Subject: Re: quickly find what applications are affected by RSA
To: Frederick Bruckman <>
From: None <>
List: current-users
Date: 09/09/2000 00:35:23
>> 	the following twist have been removed by the RSA expiration, and
>> 	recently deregulated :
>> 	- non-commercials in US can use RSAREF
>> 	- commercials in US cannot use RSA at all
>> 	- non-US people should use non-RSAREF RSA source code
>Why do you say that? The formerly patented RSA algorithm (and code) is
>now in the public domain.

	The above 3 items lists the past situation, before the patent
	expiration.  sorry if I was not clear enough.

>> 	there still are other problems with crypto software:
>> 	- export/import regulation in non-US countries
>This affects some NetBSD users, certainly, but does not affect NetBSD.

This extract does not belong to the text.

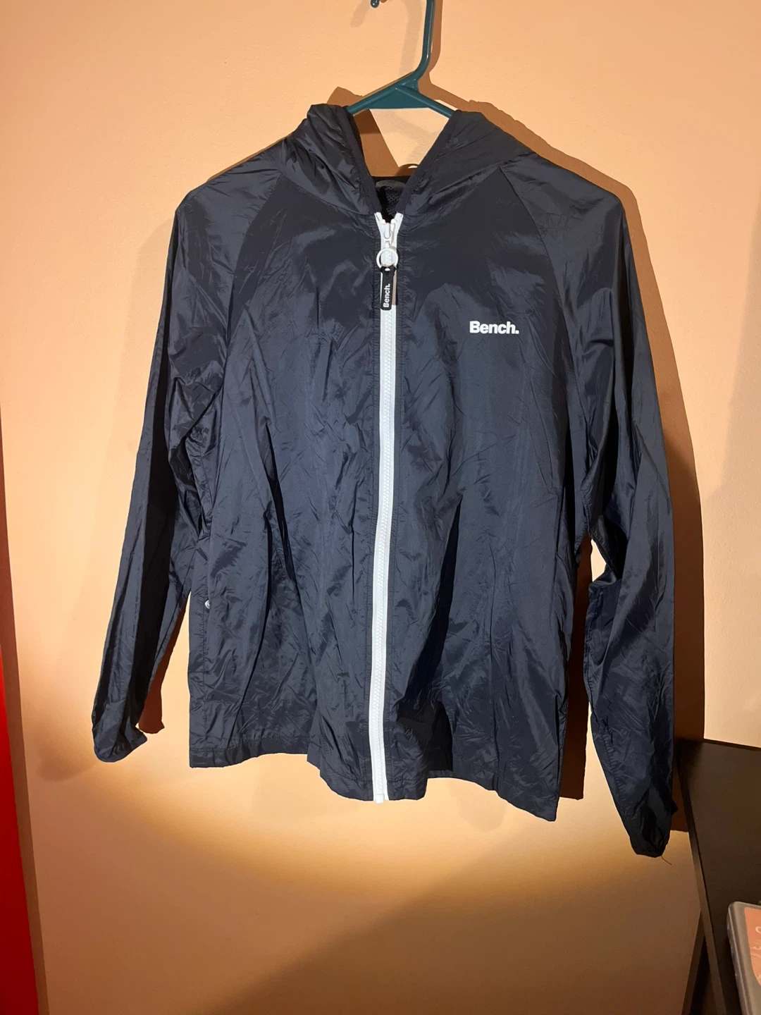 Bench. black hooded jacket. Lightweight windbreaker style. Size S. It's perfect for layering or quick outdoor activities.

	hmm, fine, as we redistribute IPsec-ready kernel source, this is
	not pkgsrc that matters, but the whole NetBSD distribution.
	so, if a country A has regulation on crypto export, they cannot be
	a worldwide-reachable NetBSD mirror server any more.  they cannot
	provide NetBSD binary packages as well as 1.5 base system.
	i drop my reasoning from this side.

>> 	- other patented algorithms, like IDEA/RC4/RC5
>I wasn't aware that the algorithms were patented. Are you saying that
>the openssl distribution in the NetBSD sources violates some patent?

	they are patented (some of the algorithm have "okay for non-commercial"
	clause with them).  for example:
	- IDEA: see RFC2451 p7, or Applied Cryptography (2nd ed) page 325
	- RC5: see RFC2451 p6, or AC 2nd ed page 346
	I (or we) will check and address the issue before 1.5 is out.